From the first line of the entries below to the line with "Приглашаем налогоплательщиков принять", give each line again exactly.

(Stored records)
------------------------------------------------------------------------

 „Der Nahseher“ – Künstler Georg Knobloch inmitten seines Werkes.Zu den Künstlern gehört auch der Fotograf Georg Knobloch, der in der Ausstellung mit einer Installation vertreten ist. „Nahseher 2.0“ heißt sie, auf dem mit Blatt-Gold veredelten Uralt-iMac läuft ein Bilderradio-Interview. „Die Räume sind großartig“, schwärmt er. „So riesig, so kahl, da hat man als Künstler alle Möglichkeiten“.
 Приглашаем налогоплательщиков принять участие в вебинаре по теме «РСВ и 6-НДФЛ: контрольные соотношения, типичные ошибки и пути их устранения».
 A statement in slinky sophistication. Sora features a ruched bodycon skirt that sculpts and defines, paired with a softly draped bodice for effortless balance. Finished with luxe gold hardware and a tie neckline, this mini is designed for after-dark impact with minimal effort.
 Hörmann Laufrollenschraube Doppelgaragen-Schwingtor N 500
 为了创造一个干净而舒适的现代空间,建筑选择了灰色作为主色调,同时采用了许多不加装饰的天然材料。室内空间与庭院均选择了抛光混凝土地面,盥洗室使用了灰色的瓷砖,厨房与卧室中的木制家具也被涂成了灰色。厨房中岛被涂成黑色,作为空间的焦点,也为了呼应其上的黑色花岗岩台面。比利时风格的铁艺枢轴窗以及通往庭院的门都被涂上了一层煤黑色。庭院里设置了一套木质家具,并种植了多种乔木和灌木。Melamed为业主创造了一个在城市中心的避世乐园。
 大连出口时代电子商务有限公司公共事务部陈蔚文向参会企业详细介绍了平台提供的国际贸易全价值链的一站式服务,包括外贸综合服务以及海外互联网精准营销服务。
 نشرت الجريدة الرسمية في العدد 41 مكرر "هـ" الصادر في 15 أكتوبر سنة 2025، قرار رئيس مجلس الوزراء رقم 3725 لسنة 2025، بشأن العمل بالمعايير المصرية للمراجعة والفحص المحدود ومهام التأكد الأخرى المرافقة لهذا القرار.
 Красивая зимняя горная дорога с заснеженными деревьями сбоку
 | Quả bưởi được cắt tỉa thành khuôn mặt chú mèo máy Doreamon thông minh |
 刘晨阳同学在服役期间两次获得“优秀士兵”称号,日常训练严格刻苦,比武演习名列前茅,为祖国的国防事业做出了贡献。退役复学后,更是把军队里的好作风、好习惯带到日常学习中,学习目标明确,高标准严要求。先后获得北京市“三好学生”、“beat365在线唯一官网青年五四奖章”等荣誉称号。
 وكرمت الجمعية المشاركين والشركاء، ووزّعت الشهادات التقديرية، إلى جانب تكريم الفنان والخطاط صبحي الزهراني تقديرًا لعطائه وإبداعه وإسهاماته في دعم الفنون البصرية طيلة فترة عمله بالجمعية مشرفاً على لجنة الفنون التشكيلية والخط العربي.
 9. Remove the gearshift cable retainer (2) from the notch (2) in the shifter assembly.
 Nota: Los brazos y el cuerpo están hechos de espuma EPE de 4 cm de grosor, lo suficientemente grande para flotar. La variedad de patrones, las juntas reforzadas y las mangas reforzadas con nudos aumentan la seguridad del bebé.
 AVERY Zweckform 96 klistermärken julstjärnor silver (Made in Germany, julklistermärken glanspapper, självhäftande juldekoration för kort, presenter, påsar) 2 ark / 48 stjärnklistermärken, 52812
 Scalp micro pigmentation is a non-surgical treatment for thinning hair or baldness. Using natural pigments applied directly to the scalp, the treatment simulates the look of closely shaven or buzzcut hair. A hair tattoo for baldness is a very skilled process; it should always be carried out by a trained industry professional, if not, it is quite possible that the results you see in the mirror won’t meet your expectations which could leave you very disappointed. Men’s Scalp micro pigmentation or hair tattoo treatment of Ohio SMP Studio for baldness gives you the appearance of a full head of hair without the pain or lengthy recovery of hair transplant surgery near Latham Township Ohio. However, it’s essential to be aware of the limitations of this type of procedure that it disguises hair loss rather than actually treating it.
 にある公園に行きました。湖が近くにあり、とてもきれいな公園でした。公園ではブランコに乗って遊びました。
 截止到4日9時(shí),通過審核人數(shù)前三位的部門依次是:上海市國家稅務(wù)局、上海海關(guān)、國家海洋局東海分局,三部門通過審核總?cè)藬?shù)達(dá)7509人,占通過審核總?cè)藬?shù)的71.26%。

------------------------------------------------------------------------

» **SOLUTION TO THE PROBLEM**
 „Der Nahseher“ – Künstler Georg Knobloch inmitten seines Werkes.Zu den Künstlern gehört auch der Fotograf Georg Knobloch, der in der Ausstellung mit einer Installation vertreten ist. „Nahseher 2.0“ heißt sie, auf dem mit Blatt-Gold veredelten Uralt-iMac läuft ein Bilderradio-Interview. „Die Räume sind großartig“, schwärmt er. „So riesig, so kahl, da hat man als Künstler alle Möglichkeiten“.
 Приглашаем налогоплательщиков принять участие в вебинаре по теме «РСВ и 6-НДФЛ: контрольные соотношения, типичные ошибки и пути их устранения».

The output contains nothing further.